Изменить размер шрифта - +
Если в реалистической драме возможен аллегоризм (например, любовь поднимает к вершинам), в драме символической этот аллегоризм утверждается как реальность, а реальность (любовь) становится эмблематическим условием того, что поднятие на несколько coi саженей с такими-то и такими-то переживаниями действительно возносит над смертью.

Но ходить над пропастями может тот, кто превратил жизнь в пьедестал к творчеству. Это мог бы совершить просиявший солнцем, как утреннее дитя. Солнечный град новой жизни — Civitas soils: вот колоссальный, живой символ. И Апокалипсис, и огонь социал-демократии, и Ницше, и все религии по-разному подходили к этому обетованию. Искусство, подходя к фокусу человеческих устремлений, приобретает неожиданную властность. Оно начинает создавать таких Рубеков, которые года, быть может, сидят над стаканом пива с окаменелым лицом, а потом вдруг зашагают к вершинам, да так, что между каждым их шагом миллиарды верст и дней. Ясно, что шагают они через времена и пространства и шагают не в греческих хитонах, а в сюртуках и цилиндрах. Сидел Рубек за ресторанным столиком, да и шагнул в новое небо, на новую землю. Правда, не перешагнул, разбился. Но само дерзновение указывает на то, что ибсеновская драма символами своими говорит нам о преображении плоти душой. Апокалипсис человеческой плоти — вот символизм ибсеновской драмы. Символическая драма только и может изображать одно: преображение органов восприятия мира и через то перерождение мира необходимости в мир свободы. Рок является тут опасностью, грозящей человеческому организму в корчах психофизиологического изменения его в организм сверхчеловеческий. И потому-то Рубеки, Сольнессы, Бранды окружены у Ибсена толпой дегенератов и дегенераток, так что нам начинает казаться, что дегенераты и Рубеки.
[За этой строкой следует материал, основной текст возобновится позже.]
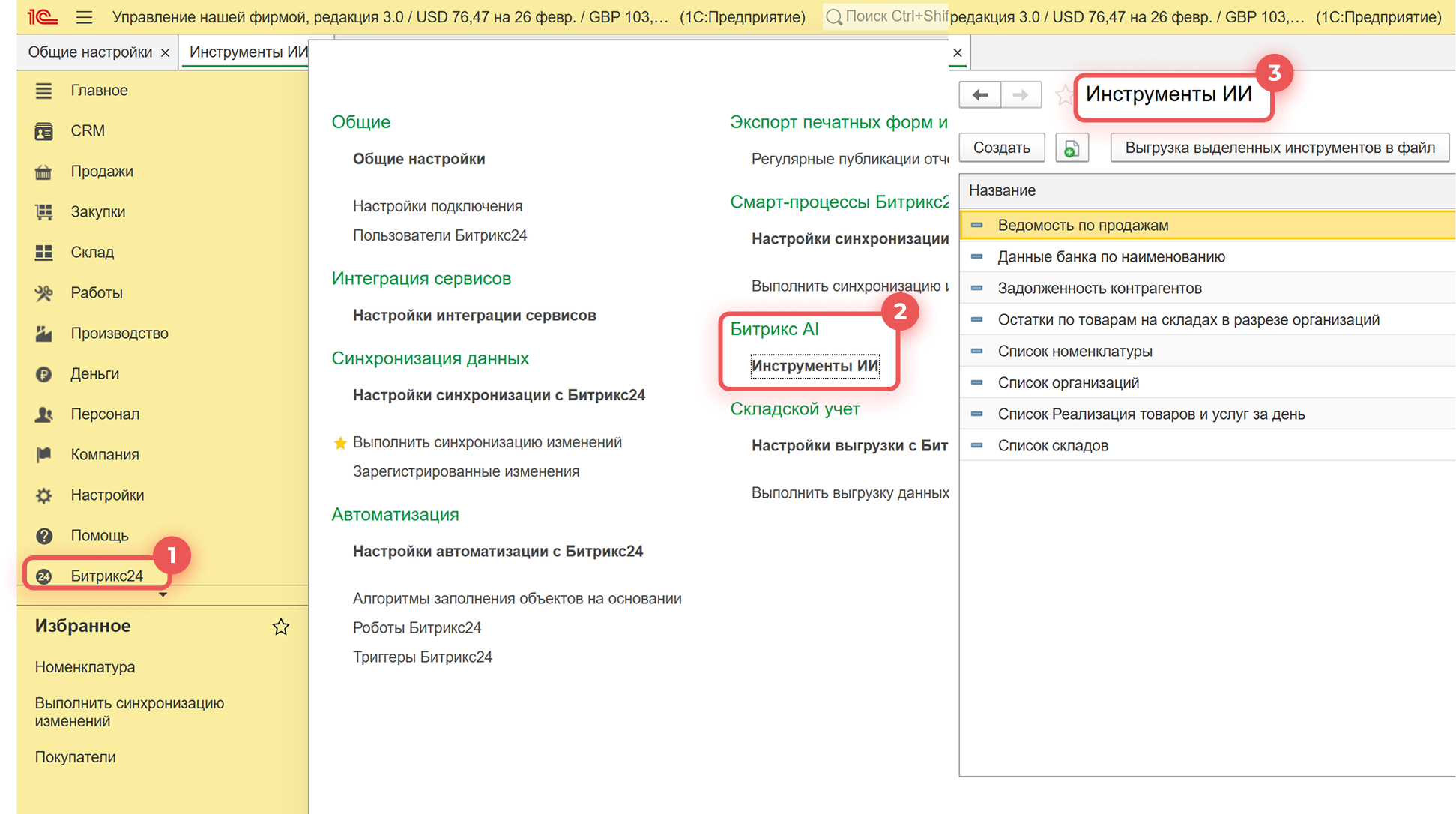 Инструменты ИИ находятся в разделе Битрикс24 > Битрикс AI > Инструменты ИИ. Это справочник, в котором хранятся настроенные запросы к базе 1С.

Художник приподымает здесь свой лавровый венец, но он начинает сверкать лучами пророческой митры. Утверждая в драме бытие символа в формах свободы, символизм предписывает героям с суровой решимостью осуществлять бытие символа через голову очевидности («или все — или ничего»). Так: сокрушая бестворческую мораль, символическая драма вменяет героям аморализм в формах категорического императива. Она говорит нам: «Если ты Рубек и увидел последнюю ослепительность, стань и сам ослепителен, как стало слепить народ иудейский лицо Моисея, говорившего с Богом». И господин Рубек, быть может, утром проснувшийся в своем отеле, как все, и, как все, совершивший свой туалет, после утреннего завтрака или обеда, любезно раскланявшись с табльдотными знакомцами, теперь идет совершать свою нелепость: восставать над смертью, мгновенно превращаясь в титана. Титан в ресторане, да это не снилось древним грекам! Тут мифический символизм превращается в символизм эсхатологический — тут Ибсен в стремлениях своих нам нужнее, чем десять Софоклов, хотя бы мы не знали и впредь, как не знаем теперь, что нам делать на сцене с этим уродливым явлением театра — символической драмой современности, которая только у Ибсена кристаллизовалась в нечто совершенно новое, нам неведомое доселе.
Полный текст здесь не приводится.